Twitter made news again following the death of Osama bin Laden. One of the circulating stories was about Sohaib Athar, a man with the Twitter handle @ReallyVirtual, who broke the story of the raid on bin Laden's stronghold without knowing it. "Helicopter hovering above Abbottabad at 1AM (is a rare event.)," he wrote.
"The Internet surged with conversation about the death of Osama bin Laden, cementing social-media sites' growing roles as disseminators of breaking news and as public squares where people discuss it," the Wall Street Journal reported.

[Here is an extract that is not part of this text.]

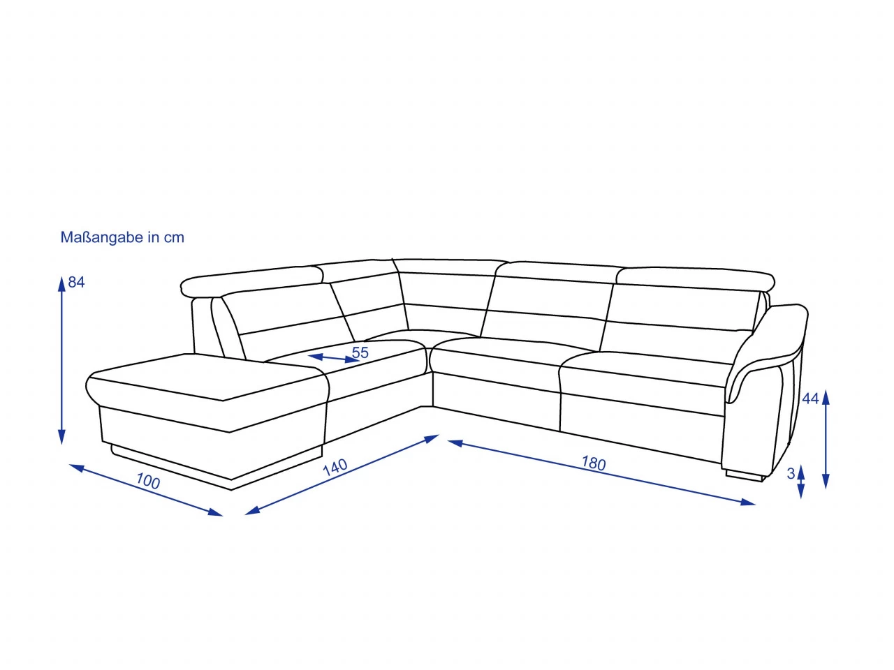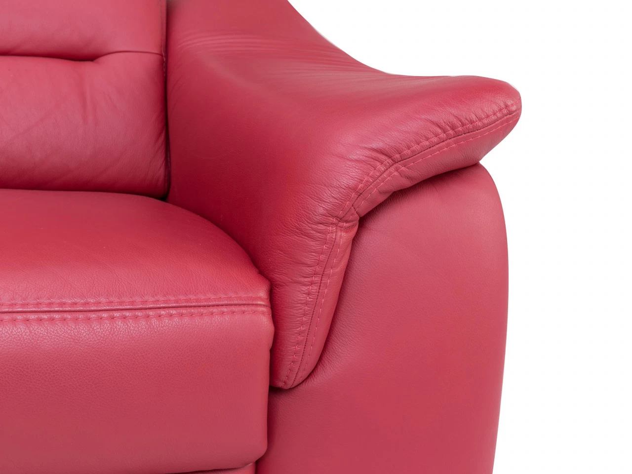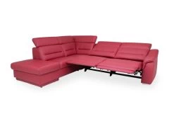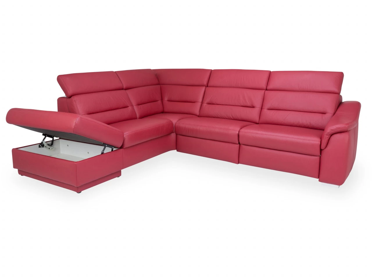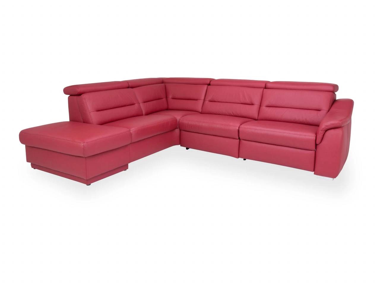 Dessin: Ledergr. Torro rosso (100) Echt Leder bestehend aus: Kombielement 1,5-sitzig m. Anstell- hocker aufklappbar links -1,5KOGFLKV Sofa 3-sitzig AT vorsteh. rechts mit WallAway-Funktion 1-motorisch links + rechts – 3RKV mit Kopfteilverstellung -KV Metallfuß Hochglanz Rücken echt bezogen

Meanwhile, @keithurbahn, a former chief of staff to erstwhile Secretary of Defense Donald Rumsfeld, broke the news of what those helicopters were doing there to begin with -- they were part of a successful Navy SEAL operation to capture or kill Bin Laden.
While a tweet may have broken the news, it seems safe to say that the mere fact of Twitter as news-breaker just isn't news anymore. Consider that in 1991 it was groundbreaking that Rodney King's beating at the hands of the Los Angeles police was caught on videotape. Today, nearly every police cruiser in America has a video camera mounted on the dashboard, and events large and small are captured on camera-phones that can be turned on in an instant.
While social media will continue to evolve and deliver news in new ways, its status as part of the reporting process, it's safe to say, has moved past the age of novelty, into an era of necessity.